VII Discurso para fora
         Passa por aí o discurso para fora ensaiado pela companhia desde os primeiros anos (missão pacificadora e civilizadora) e que cria um enorme ruído, olhado de forma desconfiada por outros agentes do colonialismo português[63] e criticado pelo sociólogo brasileiro Gilberto Freyre que visita  a companhia em 1951 e no seu livro Aventura e Rotina, diz sobre a Diamang:
“Tem-se aqui na verdade, um conforto profilático e quase clínico... Vida de indivíduos que para, não de deixarem contaminar por ambientes tropicais, vivessem como doentes ricos em hospitais e casas de saúde. Vida artificial. É o que mais sinto ao chegar ao Dundo, sob a iluminação festiva e ao mesmo tempo, clínica e policial, com que a sede da Companhia de Diamantes nos recebe.
       Policial porque o Dundo vive ─ e precisa viver ─ em estado permanente de defesa, não só contra  as doenças tropicais que possam fazer mal aos seus técnicos ou funcionários brancos, que vivem aqui com as suas famílias vida quase quimicamente pura, como contra possíveis ladrões de diamantes que pudessem aproveitar-se das sombras normais da noite, do escuro das noites tropicais, para investidas contra os cofres em que se guardam centenas e centenas de diamantes”[64].
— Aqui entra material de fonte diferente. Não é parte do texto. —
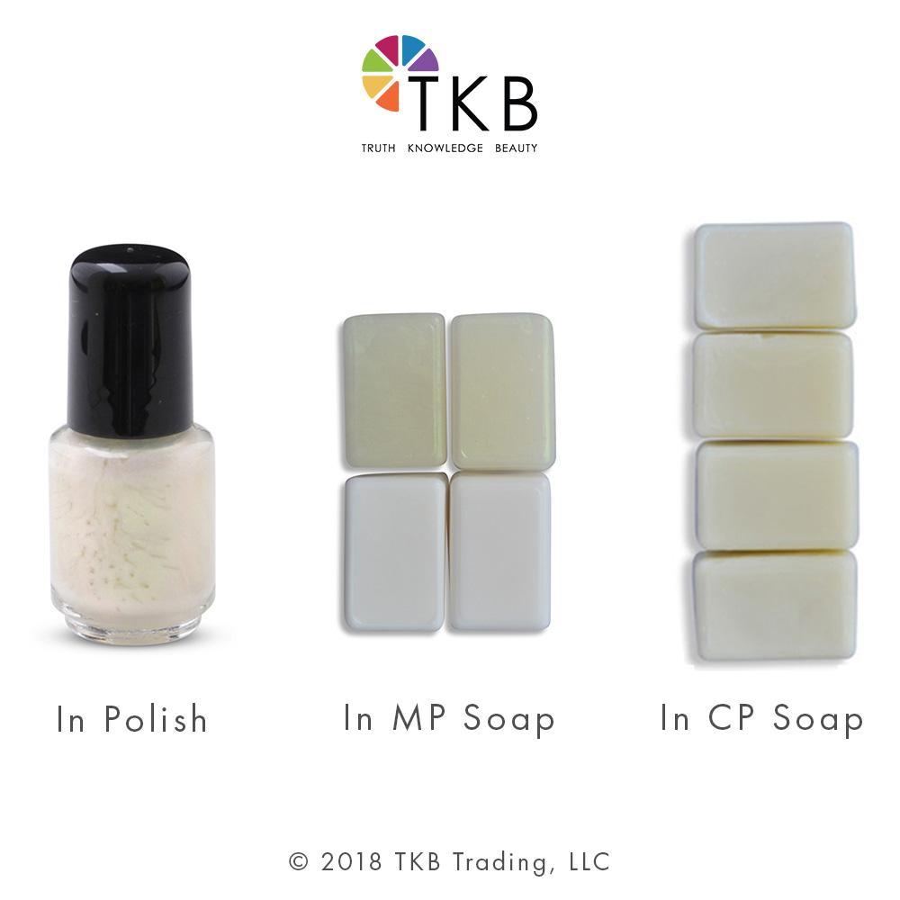 Travel To Earth is a mica coated with titanium dioxide (a whitener), Silica, and Tin Oxide. Looking at it in the bag, it appears to be a white powder.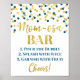 Momosa pub-skylten poster för babydusch i vitt med en svart och guld-konfetti mönster med handskriven stil-skrift. Perfekt för babyduschar och baby sprinkle.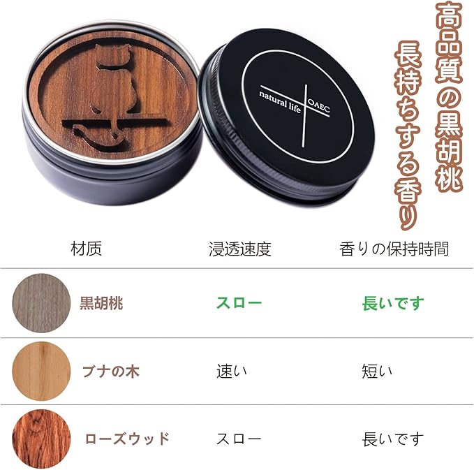 【使いやすさ】:お好みのアロマオイルを3〜4滴木にのせ、木を左右に回転させて、アロマオイルを切り欠きに均等に広げ完全に吸収されるのを待ちます。木材はアロマオイルと完璧に調和し、熱なしで気化します。アロマオイルが分解すると、香りのよい香りが放たれ、元気な喜びをもたらします。本製品は最初は強い香りがしませんが、3~5回使用すると拡散力が増します。使用回数が増え、時間が経つにつれ、木の香りがどんどん強くなり、拡散の範囲がどんどん広がっていきます。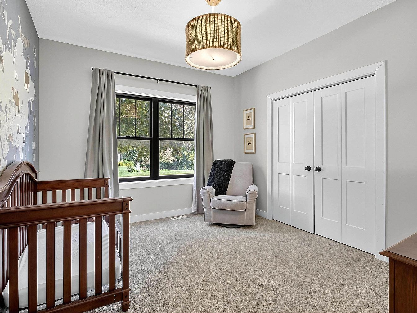 Soft gray walls and neutral carpeting create a calming backdrop in this spacious nursery. A dark wood crib sits to the left near a wall with a playful world map mural, adding a subtle educational touch. In front of a large black-trimmed window, pale gray curtains frame views of the garden outside, while natural light fills the space. An upholstered swivel chair with a cozy black throw rests by double closet doors, offering a comfortable spot for reading or feeding. The overall look is clean, minimal, and inviting, with gentle pops of warmth from the wooden furniture and woven light fixture overhead.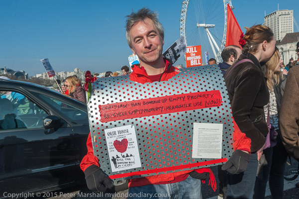 'Ceri's Law: Ban Boarding Up Empty Property - Re-Cycle Empty Property : Meanwhile Use Now' A protester from Our House, an empty

 Esta publicação desencadeia entre outras uma crítica acerada do Comandante Ernesto Vilhena, Director da companhia de Diamantes de Angola, que desvaloriza a importância do livro de Gilberto Freyre “está longe do Monumental Trabalho de Casa Grande & Senzala[65]  e acusa o sociólogo brasileiro de não ter percebido os objectivos da Companhia. Aponta sobretudo para o facto de que:

“Freyre esquece, ou não chegou a perceber, que não se encontra numa simples vila ou lugar habitado de Angola, mas no centro de uma grande empresa industrial, amplíssima nos seus objectivos e na área em que presentemente actua (30.000Km; quase um terço de Portugal Continental) com uma população de 80000 almas, verdadeira «torre de comando» e centro vital de uma organização em que trabalham 332 europeus (acompanhados por 417 mulheres e crianças) e cerca de 17000 indígenas, reunidos e organizados com vista a um objectivo bem determinado, que é o de extrair diamantes, em condições de boa administração e de economia, que permitam retribuir o capital investido no empreendimento”[66] .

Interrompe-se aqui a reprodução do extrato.